The next morning at nine
sharp, I was at the post office waiting for it to open. Standing in line with
me were seven other hikers. After receiving our resupply boxes, Shark
Bite, Faucet, OTC, and I took our packages back to the Courthouse Motel to sort
through the contents and transfer them to our backpacks. Shark Bite and
Faucet allowed me to take a shower in their motel room, while they were out
running errands. I knew the museum opened at 10:00 a.m., and I wanted to
be there as soon as possible to visit with the director about the Model T Ford
truck.
Eleven o’clock was the
best I could do, and I found the museum director at the front counter after
entering the building. The director’s name was John Klusmire, mid-forties,
medium build. I dropped my pack and trekking poles beside the front door,
so as not to be encumbered while visiting with Mr. Klusmire. I introduced
myself and stated my business. I hoped he would see things my way, that
the rusting pile of metal out in the backyard of the museum was worth saving.
I offered to make a donation of $500 to the museum, if the museum would
be willing to part with the truck.
He said the truck had been donated to
the museum a few years back; it had been sitting in a town resident’s backyard
and the owner wanted to get rid of it, and had offered it to the museum – so the
museum obtained it for free. After a pause, he stated further that the
decision to give or sell museum property wasn’t his alone to make; he would
have to consult with the museum staff and/or committee about such matters.

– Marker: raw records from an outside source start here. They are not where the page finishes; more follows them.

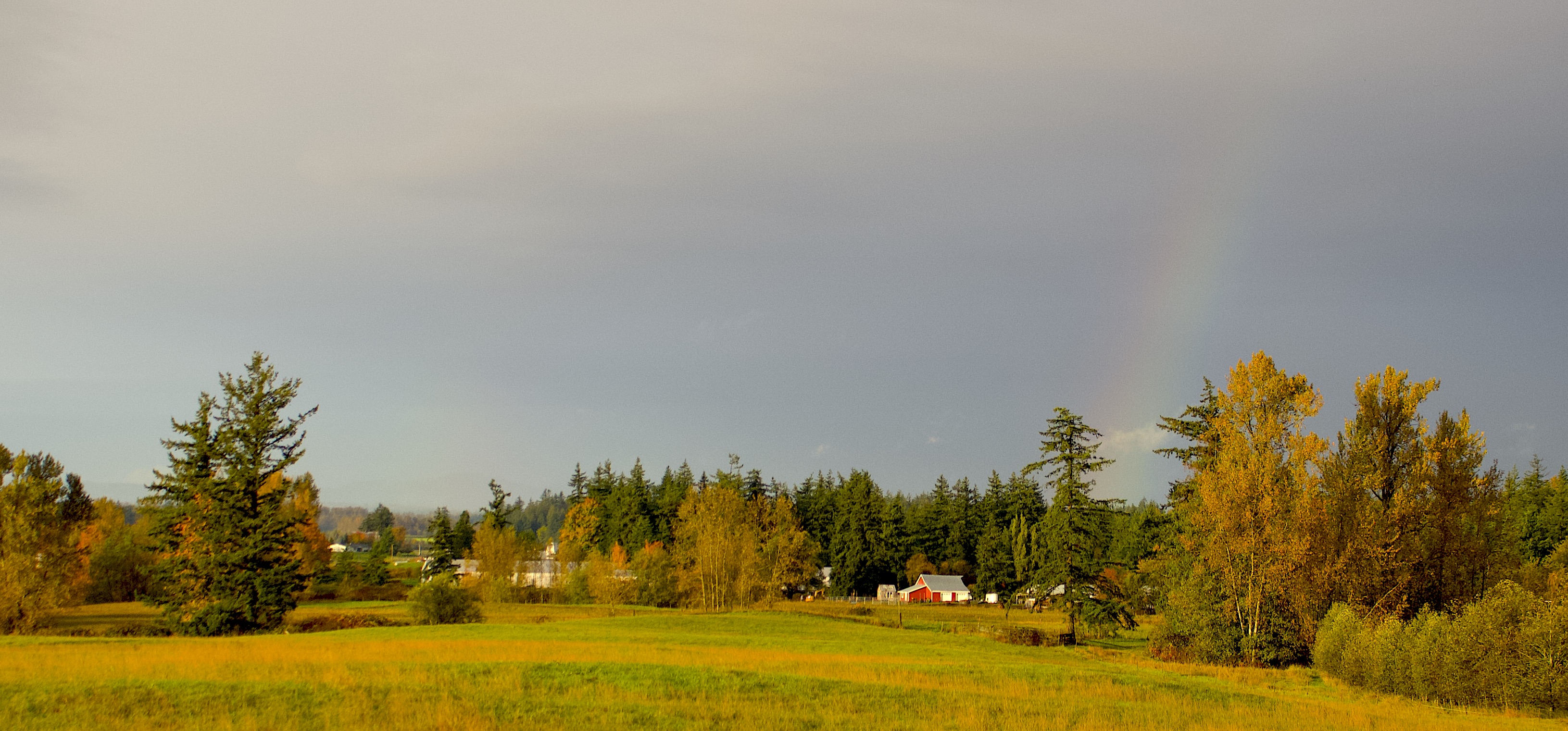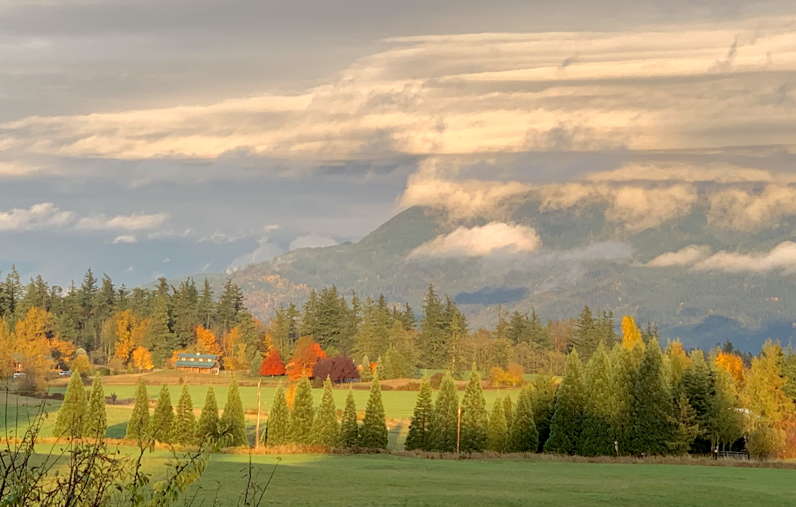 Mid-October dreary cloud-covered rain and wind.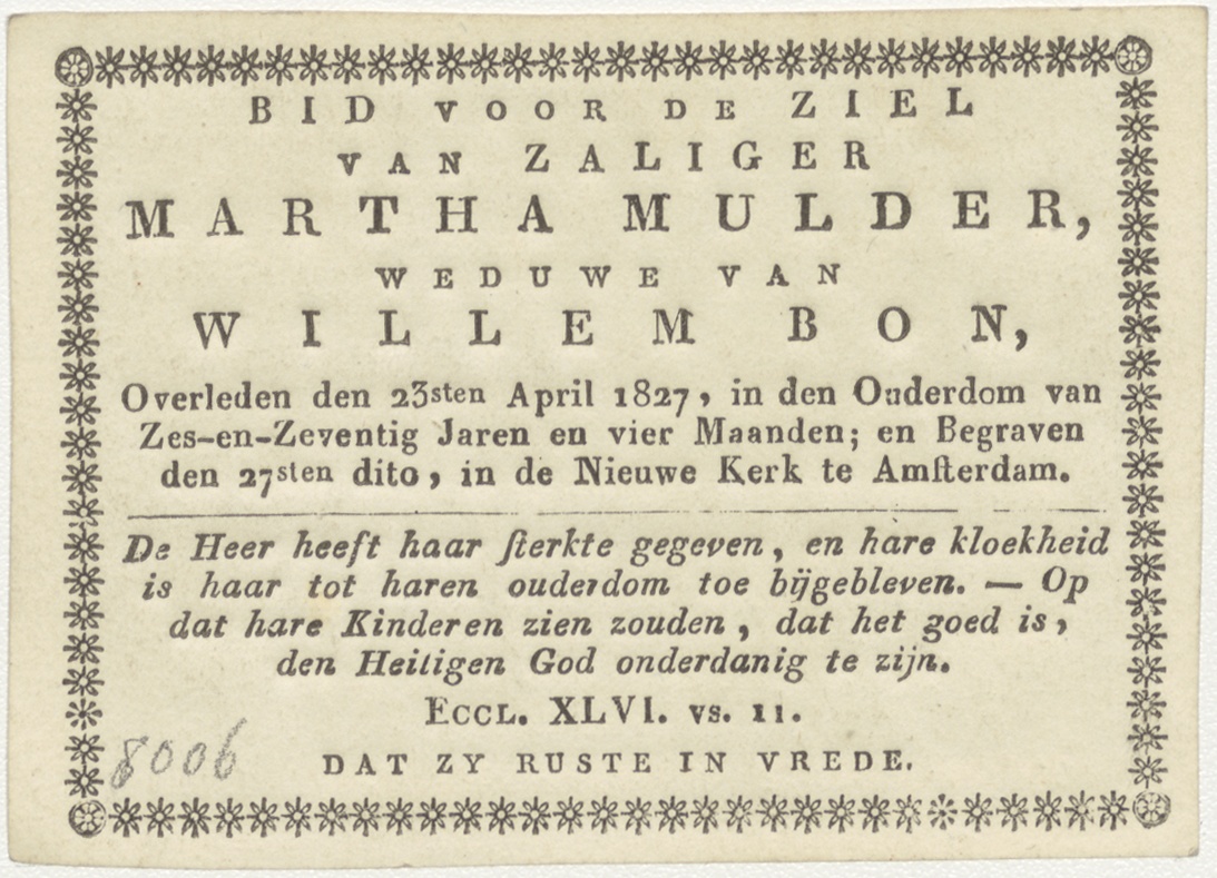Dood van Abel (Gen.4:8), kz. Bid voor ziel Martha Mulder (+1827) Amsterdam, weduwe van Willem Bon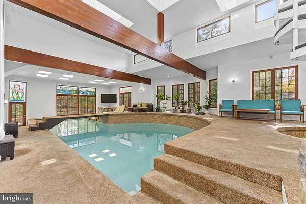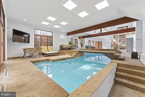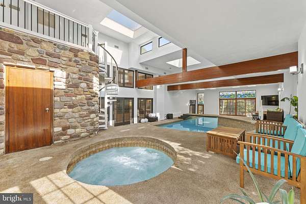 Rare opportunity to lease a fully furnished five-bedroom estate in a desirable suburb of Philadelphia, featuring an indoor pool, covered drive-through entry, and distinctive living spaces. Set on 1.58 private, landscaped acres, this home offers exceptional space, privacy, and a seamless move-in experience. Located in Whitpain Township within the award-winning Wissahickon School District, this beautifully appointed property combines comfort, functionality, and flexibility-ideal for corporate relocation or extended stays. The main living areas include a formal living room, dining room, family room with fireplace, and a dedicated office or study. The well-appointed kitchen supports both everyday living and entertaining. A standout feature of the home is the indoor pool and spa area, enhanced by a striking spiral staircase connecting to the upper-level balcony and primary suite, creating a unique architectural focal point. The private interior balcony overlooks the pool, offering a peaceful and visually connected retreat. Outdoor living is equally inviting, with a gas grill and stone fireplace set within a private, tree-lined backyard, ideal for year-round enjoyment. A circular driveway with covered porte-cochere allows convenient entry into the home without exposure to rain or snow. The property also includes a detached garage and ample additional parking. The spacious primary suite offers a private retreat with a large spa-style bathroom featuring a jacuzzi tub, walk-in shower with dual showerheads, an expansive walk-in closet, and custom built-in wooden bookshelves with a fixed ladder. A private balcony overlooks the indoor pool and spa area. The home includes four additional bedrooms, each with its own private bathroom, including one with a steam shower and others with a combination of shower and tub configurations. One bedroom features a private attic-style loft space. The lower level includes a finished room with access to a full bath and shower area, offering flexible use as a guest room, fitness space, or private retreat, conveniently located adjacent to the indoor pool. Additional distinctive spaces include a sunlit room with oversized window seating overlooking the backyard, as well as flexible lounge or media areas designed for comfort and everyday living. The home is equipped with a whole-house water treatment system and a reverse osmosis (RO) system in the kitchen, providing high-quality water for drinking, cooking, and daily use. Ideally located just minutes from Ambler, Spring House, Blue Bell, Fort Washington, and Horsham, with convenient access to major routes including the Pennsylvania Turnpike and connections to New Jersey, while still within comfortable reach of Center City Philadelphia. Flexible lease terms (6-12+ months considered). Fully furnished (partial furnishing negotiable). Pool maintenance terms to be specified. Available immediately. The property includes a separate unit above the garage with independent utilities, not part of the main residence. The groundskeeper/gardener currently resides in this space.
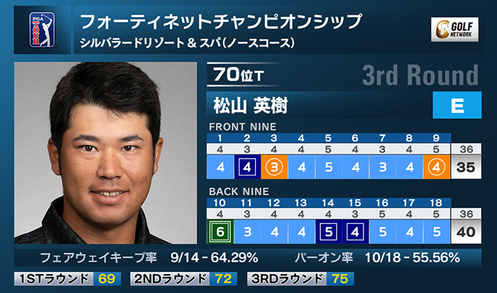 米男子ツアーの2022-23年シーズン開幕戦、フォーティネットチャンピオンシップは17日、米カリフォルニア州のシルバラートリゾート&スパ(7,123ヤード・パー72)で第3ラウンドが行われ、松山英樹は2バーディ、3ボギー、1ダブルボギーの「75」と落とし、通算イーブンパー70位タイに後退した。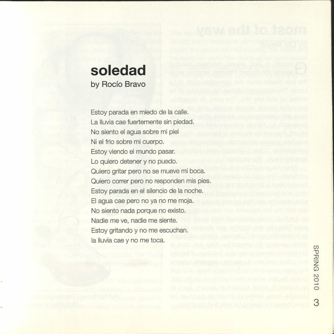 3 Soledad, Rocio Bravo '10 4 Most of the Way, Lily Meyer'13 10 Social Capital, Alejandra Ceja '12 12 Winter Out, Ayoosh Pareek '12 14 Shadow of Shame, Esther Escotto 17 Ya no queda nada, Juan Ruiz '12 18 A las horas del agua, Sara Mann'10 20 Tus manos, Rocio Bravo '10 22 Sin Ti, Rocio Bravo '10 24 I Heard the Ocean Call My Name, Margie Lane 26 Las Paraguas Del Mar, Sara Mann'10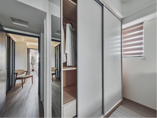 本案住宅除了已配置的機能建置,也添設了全熱交換、全屋除濕等裝備。並將防疫概念導入空間規劃當中,期許創造出健康防疫的居所環境。鑑於此案為退休養老宅,因此長輩生活的便利性亦是主要考量,不僅安裝攝像機於主要空間,讓子女可遠端觀看家中動靜;並結合智能設備,讓父母僅需透過語音指令即可聲控智慧家電,使父母居住生活更加便利,子女亦能安心。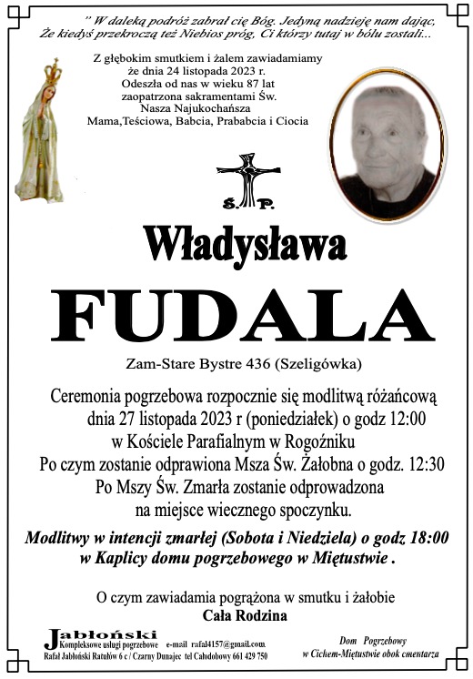 Władysława Fudala - Nekrologi - podhale24.pl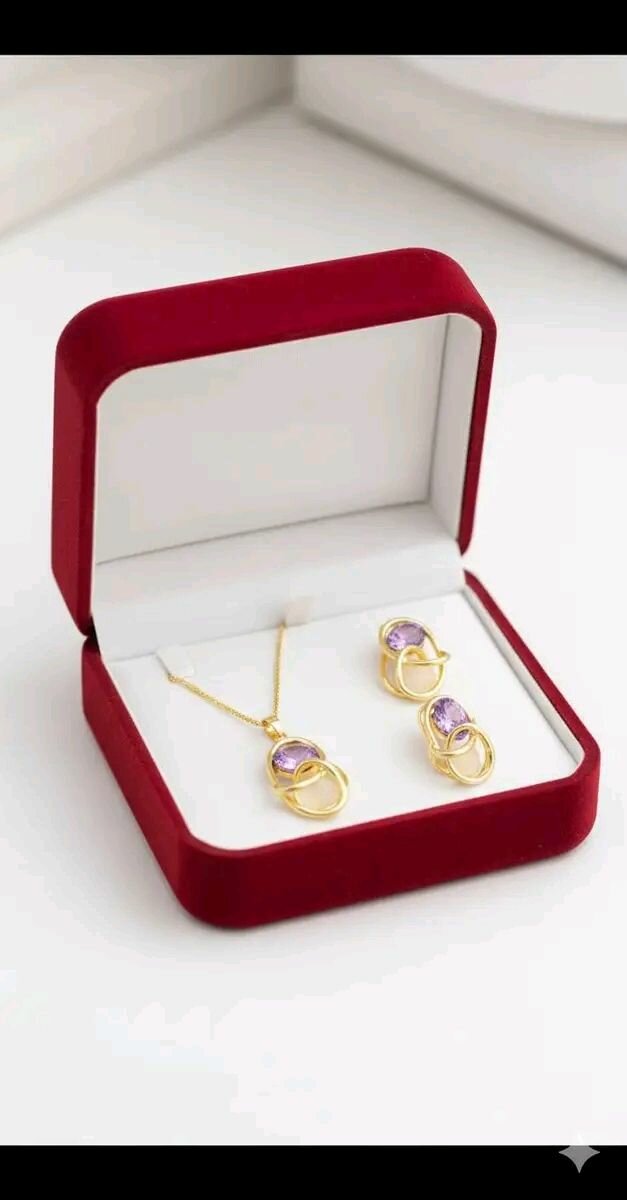 Ensemble élégant de collier et boucles d'oreilles en or avec pierre violette. Parfait pour les occasions spéciales ou comme cadeau. Design moderne et raffiné.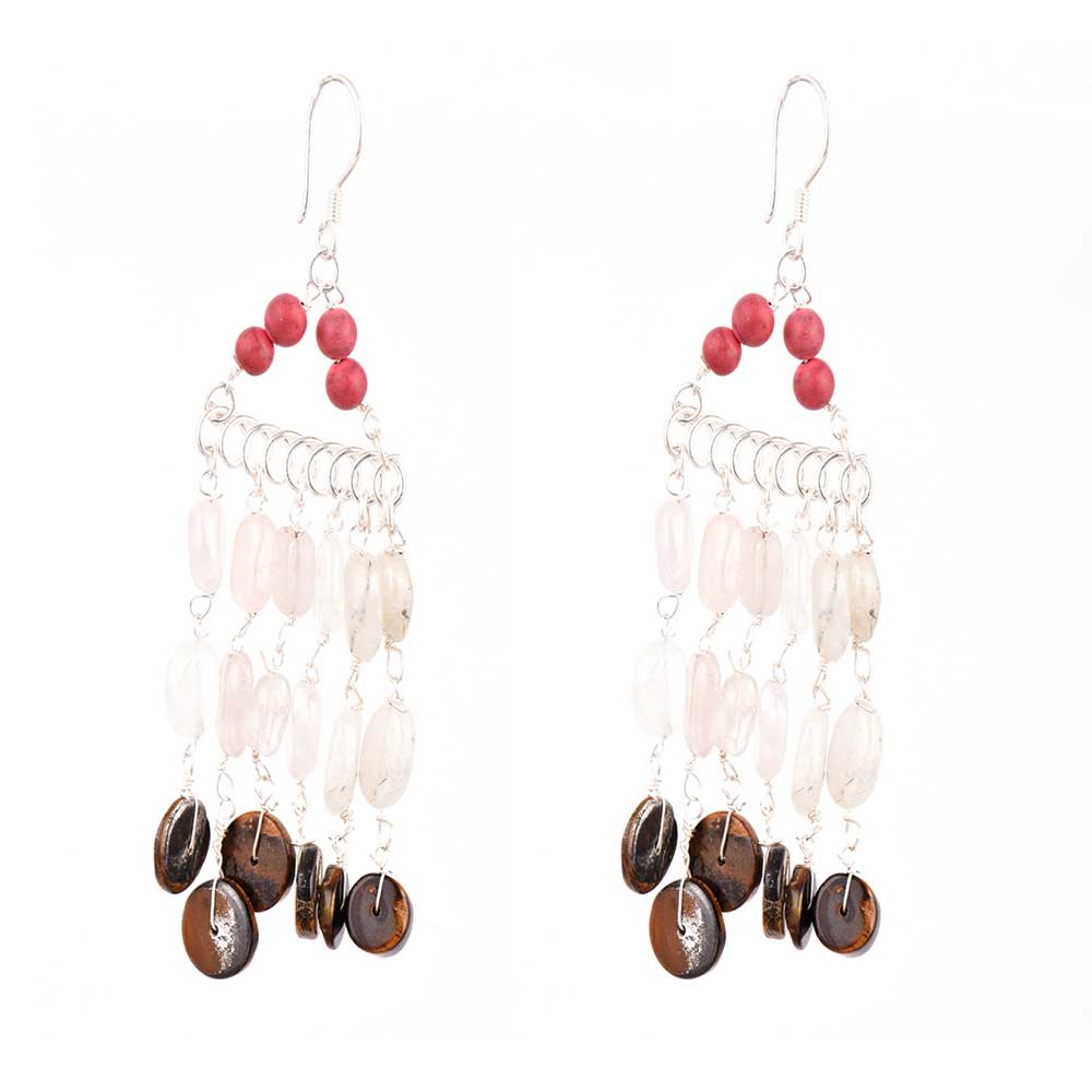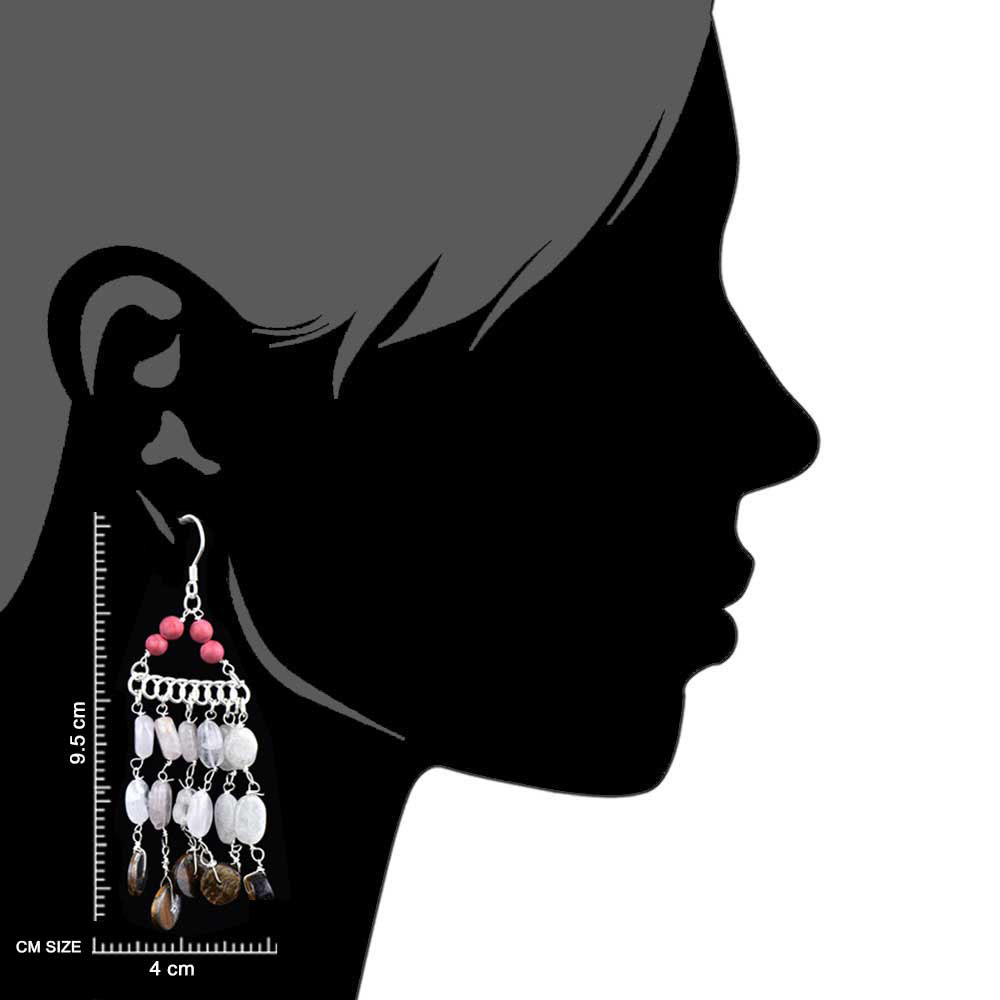 Light weight comfortable sterling silver earrings with beads in white, brown and red colored seed beads with long silver chain danglers. Daily wear, office wear, casual wear, party wear, Diwali gift, anniversary gift, birthday gift for your near and dear ones.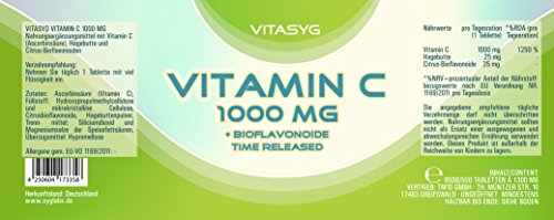Eine Dose Vitasyg Vitamin C 1000mg enthält 500 Portionen. 1 Portion entspricht 1 Tablette.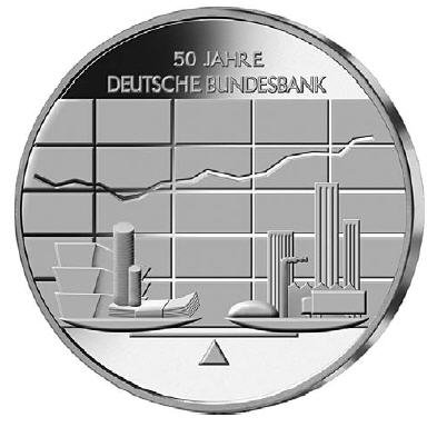 1Gemäß den §§ 2, 4 und 5 des Münzgesetzes vom 16. Dezember 1999 (BGBl. I S. 2402) hat die Bundesregierung beschlossen, aus Anlass des 50-jährigen Bestehens der Deutschen Bundesbank eine deutsche Euro-Gedenkmünze im Nennwert von 10 Euro prägen zu lassen.

I told him I understood and that after I finished the hike in late
September, I would be in contact with him. John gave me his card, and I
made ready to leave.
I walked back to the
Onion Creek Road that ran along the back side of the museum property, and stood
opposite the Model T Ford truck with my thumb out, a signal that I needed a
lift. While waiting for a ride, I continued to eyeball the Model T and
envisioned in my mind some of the repair work that would have to be done to
bring the derelict back to life.
The cracked and
splintered wooden spokes caught my attention first, but I knew that Amish
carriage makers in Lancaster, Pennsylvania, made new replacement spokes, so
restoring the wheels would be possible. The engine was a solid piece of
rust, but, a soak in a caustic, acid bath would remove the rust and old paint
and might even loosen up the nuts holding the engine head to the block.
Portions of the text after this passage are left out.